My father's face turned solemn.

"I'm sorry."

After saying that softly, he began to drive, no longer looking at me.

I was very thankful for that.

I didn't want to be seen.

'How…'

My thoughts went blank.

According to what my father told me on the phone, my grandfather had a stroke.

I didn't know why, nor did anyone else.

It had just happened.

Looking out the window, I watched all the things we drove past.

Schools, restaurants, shops, malls. People and pets too.

Yet, not a single thought came to mind.

The sea of my heart was swirling, unbalanced and unstable.

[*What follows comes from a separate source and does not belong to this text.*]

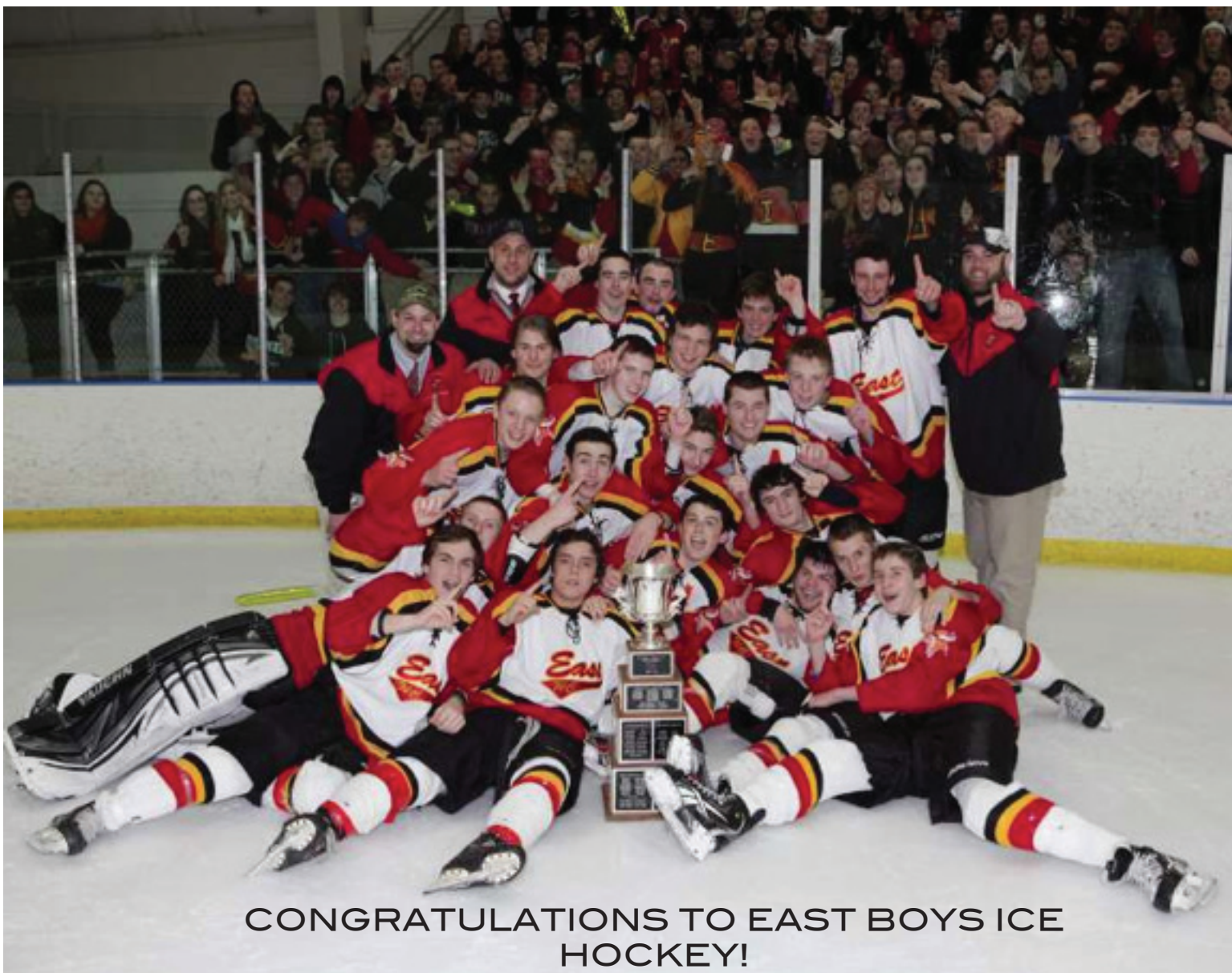
CONGRATULATIONS TO EAST BOYS ICE HOCKEY!

Track A: Most memorable meet experience was the 2011 Great Valley Relays. It rained pretty heavily all day but we competed and did not let that affect how we competed.

Yet, there was nothing that swarmed inside of it.

"Ah…"

I let out a shaky breath.

That was the only thing I could do.

**

The drive was on the longer side, almost an hour.

Both my father and I had been quiet the entire time.

Eventually, we arrived at our destination.

My father's apartment.

Getting out of the car, I weakly followed my father as he entered the building.

The building was elegant and extremely well decorated.

But more than that, it was unnatural.

Foreign, at least to me.

As we took the elevator to go upstairs, my stomach churned.

'What am I doing here? I want to go home…'

I had to go to my father's house many times. Even if I wasn't as close with him as I would've liked to be, I was always welcome.

Yet, when the elevator arrived on his floor, when he opened the door to his home, when I took my first step in…

I knew I didn't want to be there at all.

The modern style home was a sharp contrast to my grandfather's home.

I wanted my grandfather's home.

I wanted my home.

Taking off my shoes, I began walking towards the room I usually stayed in.

"I'd like to be alone for a while," I said.

I couldn't see my father's reaction, but I could sense a nod of acceptance.

I entered the room, closing the door behind me.

I didn't bother getting changed or turning on the lights. I simply took off my school bag and sat down behind the door.

I stayed in that silence. In that darkness.

It did not bring any fear or comfort. It brought nothing.

I couldn't think of things that made me happy like games or Elliot.

I couldn't think of things that made me sad like injustice or abuse.

I couldn't think of anything at all.

Except one thing.

'This is only for a little while. I'll go home soon. I'll be fine…'

Those were the thoughts that remained.

The ones that never abandoned.

So I held onto them tight, praying that they wouldn't leave me too.